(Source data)
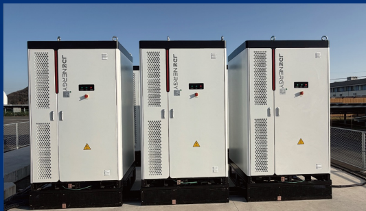
日本1.29MW/2.508 MWh用户侧储能项目 ——日本首个工商业储能项目、优化负荷、降本减碳
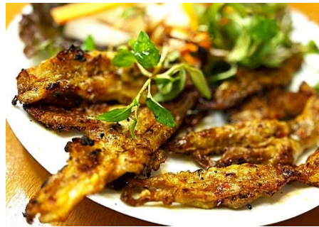
鶏せせりのスパイシーサテ焼き
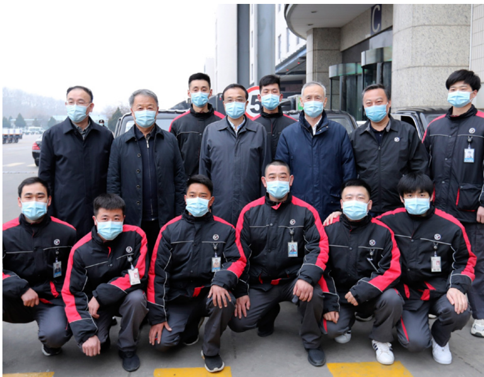
Li Keqiang visitant un centre de logistique à Pékin le 6 mars 2020 33

Un autre secteur ayant massivement recruté est la grande distribution. Hema, Suning, Carrefour ou Walmart, confrontés à une intensification de leur activité de commandes à distance, ont proposé des contrats temporaires. Parfois, les géants de la distribution ont négocié avec d'autres sociétés à l'arrêt, dans l'hôtellerie ou la restauration, des prêts de personnels, appelés en chinois « partage des talents » (人才共享), ou « partage des personnels » (共享员工) 34 , une pratique peu diffusée jusqu'alors et qui a des équivalents notamment en France 35 . Ainsi à Pékin, Hema accueille dans ces rangs les personnels de plusieurs chaînes de restaurants. Plusieurs dizaines de milliers de salariés sont concernés. L'échange de personnel ne se limite pas au seul secteur de la distribution ; on a trouvé mention d'entreprises de nettoyage y ayant recours, ou d'une usine Haier de réfrigérateurs à Hefei dans l'Anhui. Dans cette ville, l'administration locale a activement encouragé le processus ; le bureau des Affaires humaines et sociales de la ville, par médias interposés, a incité les employés de la restauration à occuper 6 000 emplois temporaires dans 21 entreprises industrielles 36 . Les salaires sont soit payés par l'entreprise d'origine dans le cadre d'un accord entre les deux employeurs, soit directement par le nouvel employeur après signature d'un contrat temporaire 37 .
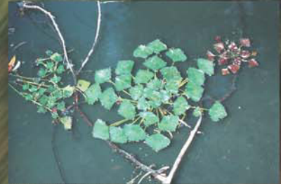
Wassernuss ( Trapa natans )
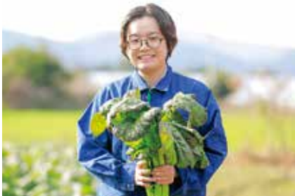
【入庁年】令和4年度 五島振興局農林水産部農業振興普及課

映画が大好きなので業務終了後はレイトショーを観に行きます。休日は友人とグランピングやバーベキューをして楽しんでいます。長崎和牛は外せません！
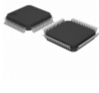
CS5376A-IQZ Cirrus Logic IC FILTER DGTL MULTI-CH 64-TQFP
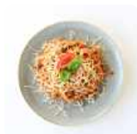
Spaghetti bolognese met gehakt

We hebben een samenwerking met de gemeente Etten-Leur voor inwoners die in aanmerking komen voor de reductieregeling.
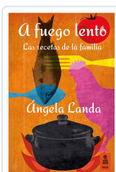
A FUEGO LENTO LANDA APARICIO, ÁNGELA
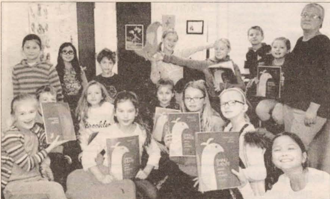
Pirmasis Melodijos nutūpimas – pas Maironio lituanistinės mokyklos chorą Niujorke

Beje, čia visai tinkama vieta kreiptis su štai tokiu klausimu: kas šiapus Atlanto grojate akordeonu? Mums jūsų, vietinių talentų, LABAI reikia! Kodėl, kol kas nesaky-
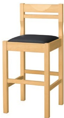
2006-1899 関羽 N スタンド椅子 張地: 黒レザー (既製品)

脚カットは、上代 1,500円 UPとなります。 (SH-440までカット可能)
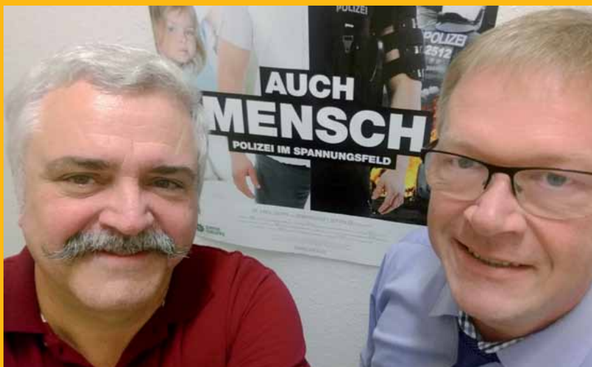
Uwes letzter Arbeitstag im MI.
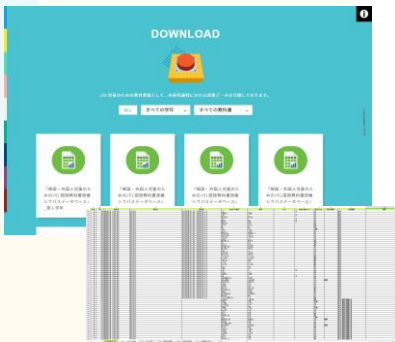
教科書別・学年別・単元別の総計275,541語シラバス
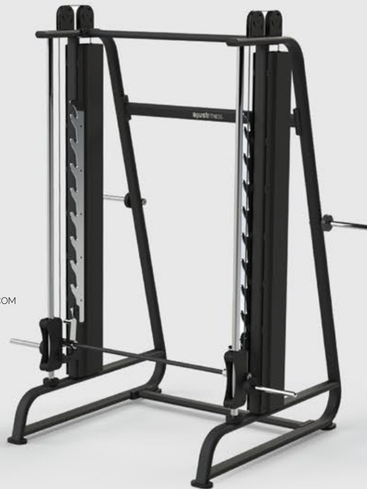
MULTI FORÇA COM CONTRAPESO SL 1033
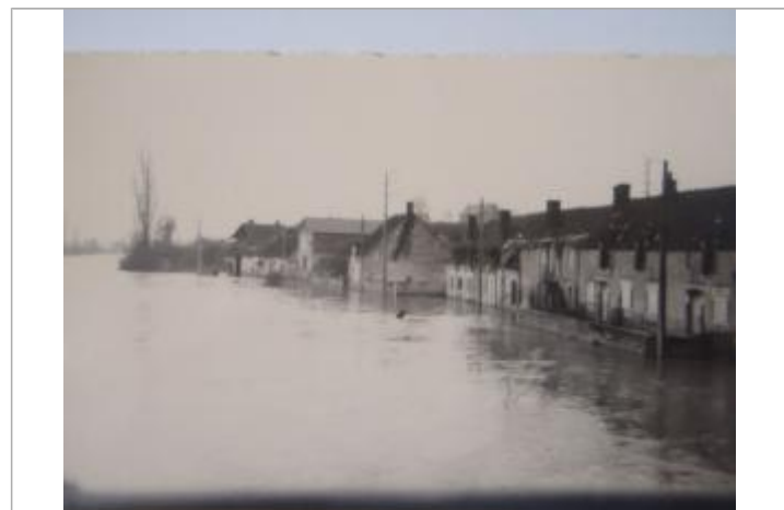
Photographie d'archive de 1958

GÉNÉRAL Code : LCI_R_4200_6607 Date de mise à jour : 09/01/2023 Auteur : SPC LCI
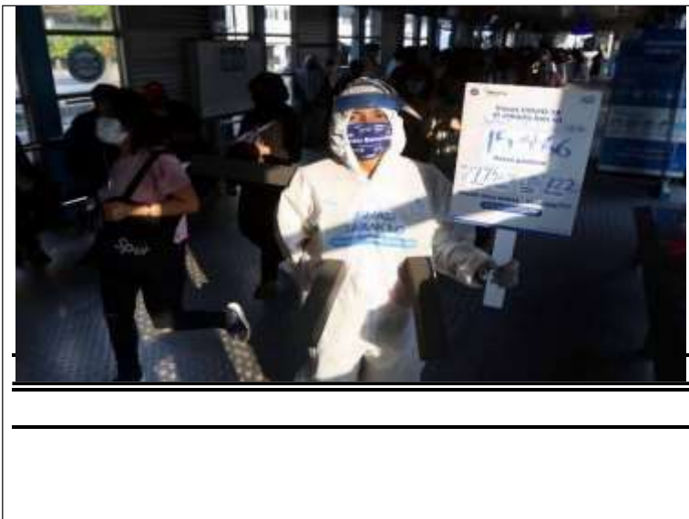
Wearing a hazmat suit, a member of a Transjakarta community holds up a sign with updated data on the number of COVID-19 cases in Jakarta to raise awareness on health protocols within the Harmoni bus shelter in Jakarta on July 17.
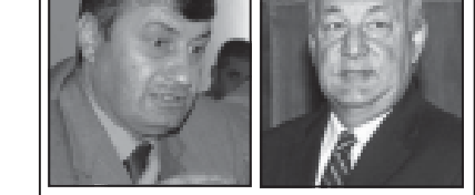
მედიაცია. მედიაცია. მედიაცია.
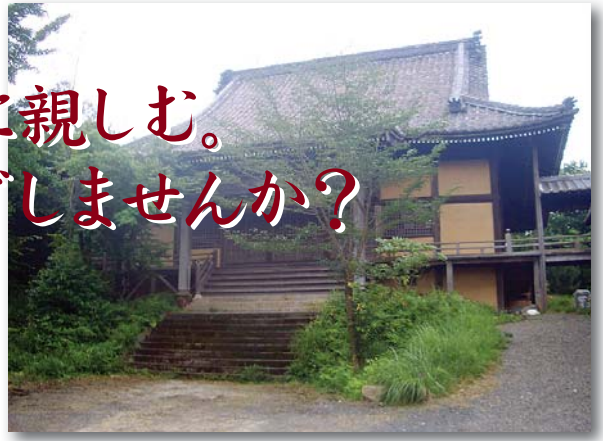
廃寺を利用した工房
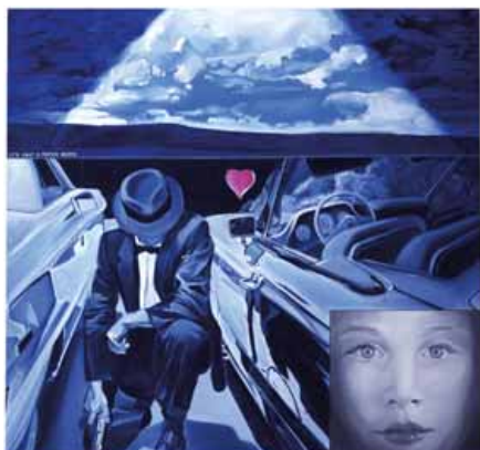
Jacques Monory - La vie imaginaire de Jong Erouas' Cym n°5. Ref:1085 - 2001 - Huile sur toile 167 x 176 cm

Filterer la cruauté du monde à travers le bleu des rêves, c'est la particularité de l'univers singulier de Jacques Monory. Entrez dans cette atmosphère tragi-comique en découvrant au château du Val Fleury un choix d'œuvres unique qui met en lumière la dimension dramaturgique de la peinture de l'artiste. Pilier de la Figuration narrative, il représente à travers sa vie réelle, imaginaire ou fantasmée, la violence du monde derrière un filtre de couleur bleu.
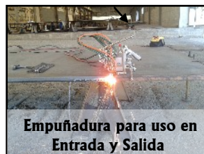
Empuñadura para uso en Entrada y Salida
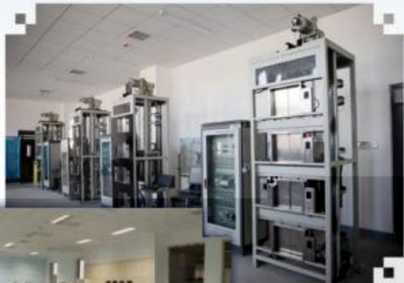
智能电梯安装调试 维护训练场所
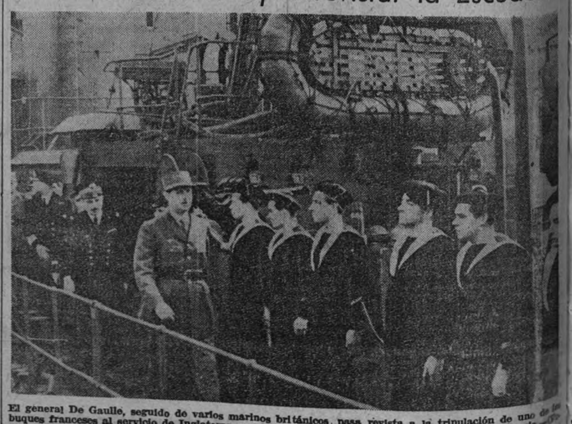
El general De Gaulle, seguido de varios marinos británicos, pasa revista a la tripulación de uno de los buques franceses al servicio de Inglaterra que tomaron parte en el ataque a las colonias de Francia.
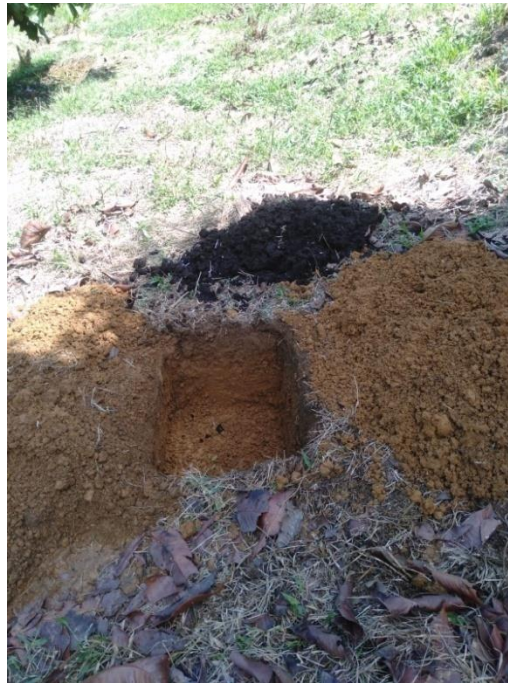
Lubang Tanam ( 25 cm Kedua )
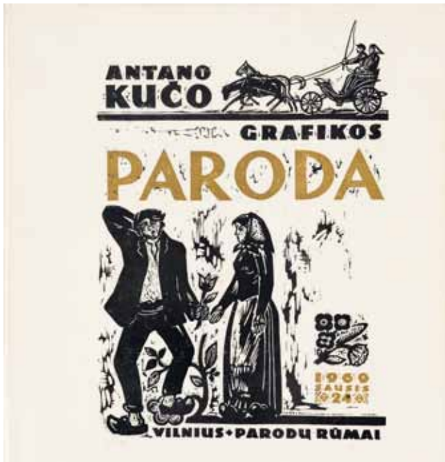
Antano Kučo 1969 m. grafikos parodos katalogo viršelis
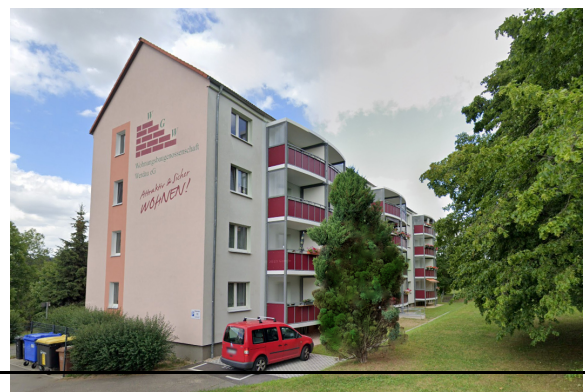
Kontakt: Tel.: 0 37 61 / 33 68 info@WGWerdau.de www.WGWerdau.de

Eingetragene Genossenschaft Registergericht Chemnitz GNR 17
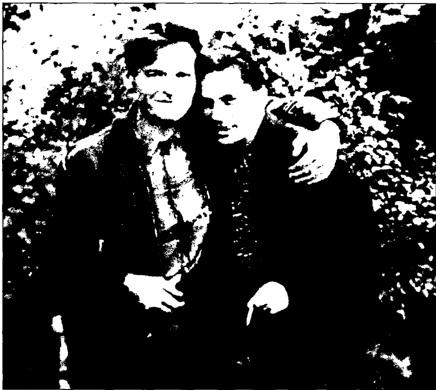
А.Я. Яшин и Ф.А. Абрамов

«Лично для меня привлекает значимость именно уловить красоту, неизъяснимую прелесть народного речения, зафиксировать его, понять», - писал Ф.А. Абрамов.
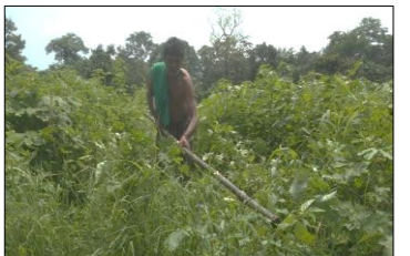
ଘାସ/ଜଙ୍ଗଲ ଦେଇ ଚାଲିବା ସମୟରେ ବାଡ଼ି ବ୍ୟବହାର କରନ୍ତୁ
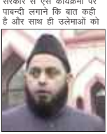
भी ये निर्देश दिए हैं कि वे भी इस तरह के कार्यक्रमों में शामिल न हों। यही नही मौलाना ने प्रेस कॉन्सिल ऑफ इंडिया और मौलाना ने कहा कि इन्ही

लखनऊ। गत दिनों अमीनाबाद इन्टर कालेज की घटना को देखते हुए राजधानी के समस्त विद्यालयों में किसी भी बाहरी व्यक्ति के प्रवेश पर रोक लगा दी गयी है। इस संबंध में डीआईओएस ने निर्देश जारी कर दिए हैं। ज्ञात हो गत दिनों मंडलिंग में सिलेक्शन का झांसा देकर जालसाज ने अमीनाबाद इन्टर कालेज के दो विद्यार्थियों व दो शिक्षकों को तीन सौने की फेन ताला चार हजार रुपए ठग लिए थे तथा नीला देखाकर फतार हो गए। यह सब करने के लिए जालसाज ने प्रधानाचार्य को झांसे में लेकर मैदान में टेंट लगाकर पूरा नाटक किया।
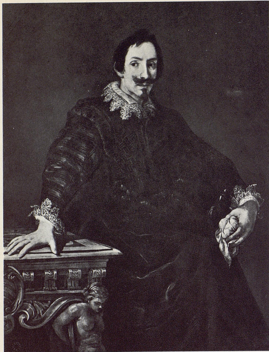
PIETRO DA CORTONA (1596-1669): Portrait de Marcello Sacchetti — Portrait of Marcello Sacchetti .

Pietro da Cortona fut sensible dans ce tableau à l'influence du Bernin: la vie intérieure du personnage se reflète sur le visage aux cheveux effilés, aux moustaches en désordre, dans les plis capricieux des dentelles.
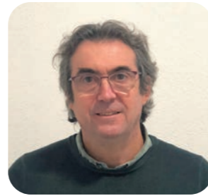
Albert Canal Vocal Empresa: Nat's Polígon: Riu d'Or - Casa Nova
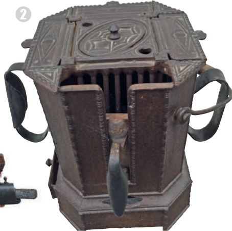
2 - Impressionnant, le fer à repasser Marty!
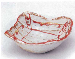
ハ039-01 荒ソギ刺身鉢 14.5×14.5×5.8cm 1,300円
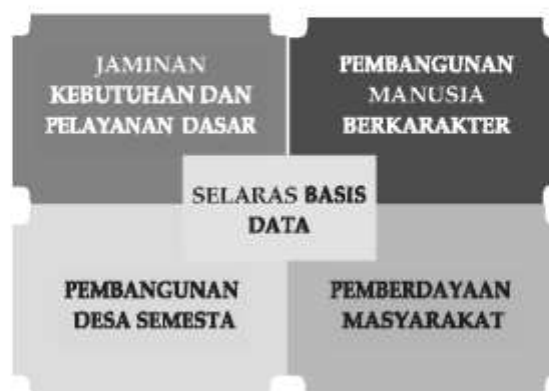
Gambar 4. Lima Fokus Koordinasi Kemenko PMK
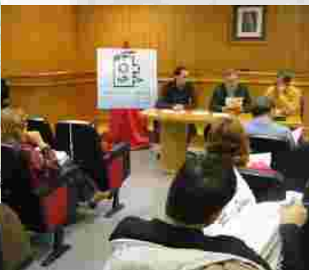
Acto de presentación y entrega a los directores de los centros educativos de Bailén del folleto ilustrado
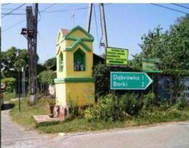
Kalonka – kapliczka
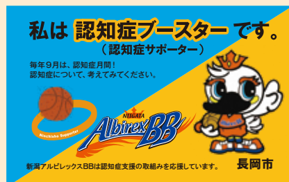
認知症ブースターカード
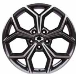
18 colos "Diamond Cutting" könnyűfém felni 235/55R gumikkal
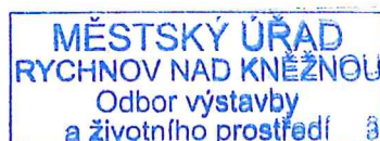
Ing. Petra Ponková referent odboru

Správní poplatek podle zákona č. 634/2004 Sb., o správních poplatcích, ve znění pozdějších předpisů, stanovený podle položky 18 odst. 3 ve výši 1000,- Kč, sazebníku správních poplatků v celkové hodnotě 1000,- Kč byl uhrazen dne 26.04.2022.
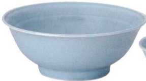
9010138 7.5高台井 ¥1,700 D23 H9.2
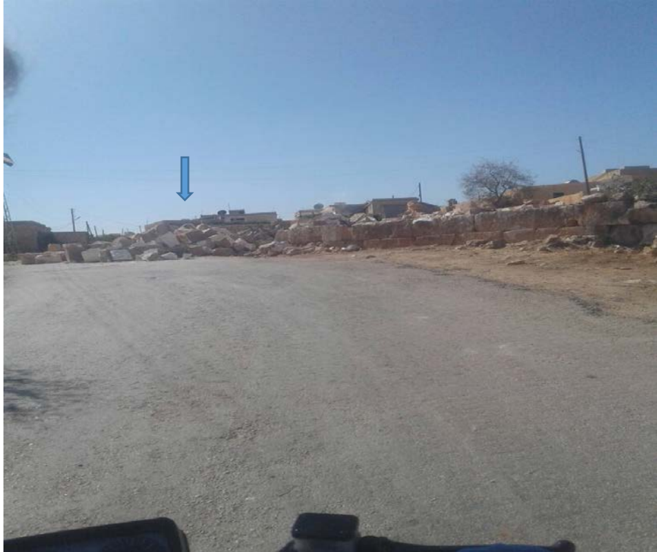
البناء بعد التدمير

### [Task description]
What do the entries above read from the line containing "映画が大好きなので業務終了後" through the line containing "Pirmasis Melodijos nutūpimas"? Output those lines exactly, both ends included, with the pictures left out.

### [Worked solution]
映画が大好きなので業務終了後はレイトショーを観に行きます。休日は友人とグランピングやバーベキューをして楽しんでいます。長崎和牛は外せません！
CS5376A-IQZ Cirrus Logic IC FILTER DGTL MULTI-CH 64-TQFP
Spaghetti bolognese met gehakt

We hebben een samenwerking met de gemeente Etten-Leur voor inwoners die in aanmerking komen voor de reductieregeling.
A FUEGO LENTO LANDA APARICIO, ÁNGELA
Pirmasis Melodijos nutūpimas – pas Maironio lituanistinės mokyklos chorą Niujorke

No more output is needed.